TL;DR: Cans are the wrong shape. Hear this grievance instead!
Originally written on Blink's Blog, Festivus 2021
Ok. I have a rant. It may be short. Ranting + wine do not go well together, or go supremely well together. I'll let you decide. Once upon a time, someone invented the can. According to CanCentral.com (They exist. I know, I was amazed, too.) :
Alright. That is pretty cool. Talk about a starting point in history. That said, someone tell me: WHY THE F*** HAS THE CAN NOT EVOLVED BEYOND THE NORMAL CYLINDRICAL SHAPE WE'VE COME TO KNOW? Hear me out.
With the coming of the kitchen sink came a problem with the can. A problem you may have never thought of, and the industry sure as hell didn't think of.

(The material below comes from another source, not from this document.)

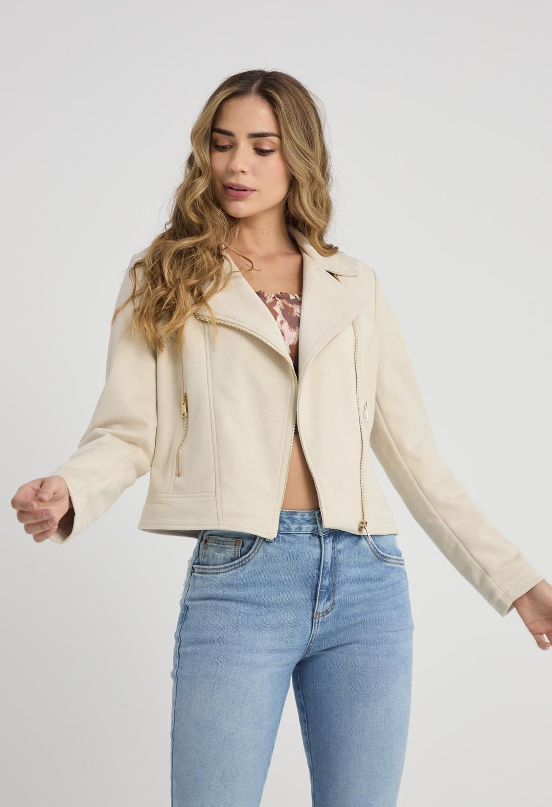 Chaqueta tipo biker, manga larga, color arena, con cierres metálicos y fondo entero para mujer.
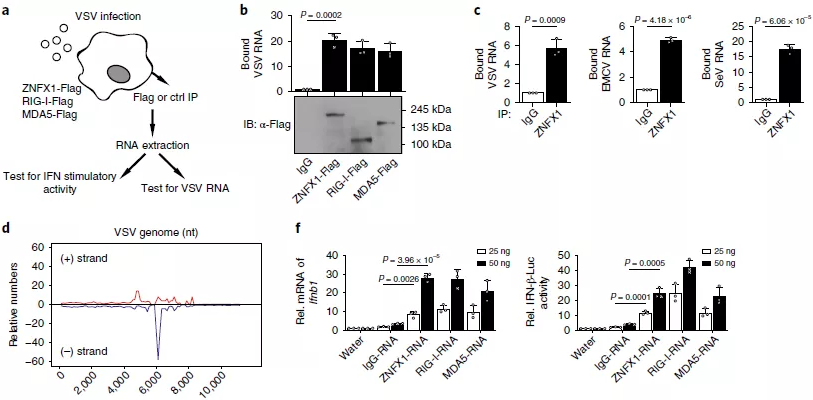 屬于RNA解旋酶SF2的許多基因被鑒定為結(jié)合病毒RNA的RNA病毒傳感器,因此假設(shè)屬于SF1的ZNFX1也可能作為RNA傳感器結(jié)合病毒RNA。為證實(shí)這一假設(shè),首先在293T細(xì)胞中過表達(dá)ZNFX1,然后進(jìn)行pulldown和qRT-PCR分析以確定ZNFX1與VSV-RNA的高結(jié)合能力(圖5a,b)。也檢測(cè)了內(nèi)源性ZNFX1與A549細(xì)胞中的VSV,EMCV和仙臺(tái)病毒(SeV)RNA的結(jié)合能力(圖5c)。通過用抗內(nèi)源性ZNFX1的抗體從免疫沉淀物中分離RNA來進(jìn)行RNA免疫沉淀(RIP)測(cè)序分析,將ZNFX1相關(guān)的RNA比對(duì)到VSV基因組(圖5d),優(yōu)先定位于約6,000-8,000 nt的VSV片段(圖5e)。值得注意的是,當(dāng)與ZNFX1相關(guān)的RNA轉(zhuǎn)染到A549細(xì)胞中時(shí),通過qRT-PCR和熒光素酶活性分析觀察到了Ifnb1的誘導(dǎo)轉(zhuǎn)錄和基于Ifnb1啟動(dòng)子的報(bào)告基因的誘導(dǎo)表達(dá)(圖5f)。

Should you have the misfortune of dropping the top in the sink after opening your can (don't judge), you may find yourself with quite a conundrum if you're like us and let a few things pile up before washing:
Look at your sink. At minimum, that drain tapers down not one, not two, but to THREE different diameters. You know what fits in those perfectly snug in that spawn of Satan of a drain? That damn top piece of your can. Sure sure. I can hear you already:
We wash stuff before sending it off to recycling, like good humans do, you know, sending it to a foreign country, causing more pollution that solution. #Greta
I can not explain the euphoric feeling while fighting with a butter knife to try and you carefully slip that little fucker out of the drain. It's just like using Q-tips to clean your ears. #Eargasm
The oval. Why have we not evolved the can? Why haven't we thought of something that doesn't block a sink like a pressure cooker? So there you have it. My grievance this Festivus. Seriously, I need to reinvent the can. #Festivus #CampbellsSoup #Cans #WhyThough
P.S.: Apparently, my sink is unusual. So now I have a new grievance, against the engineer that thought of this. I'm coming for you.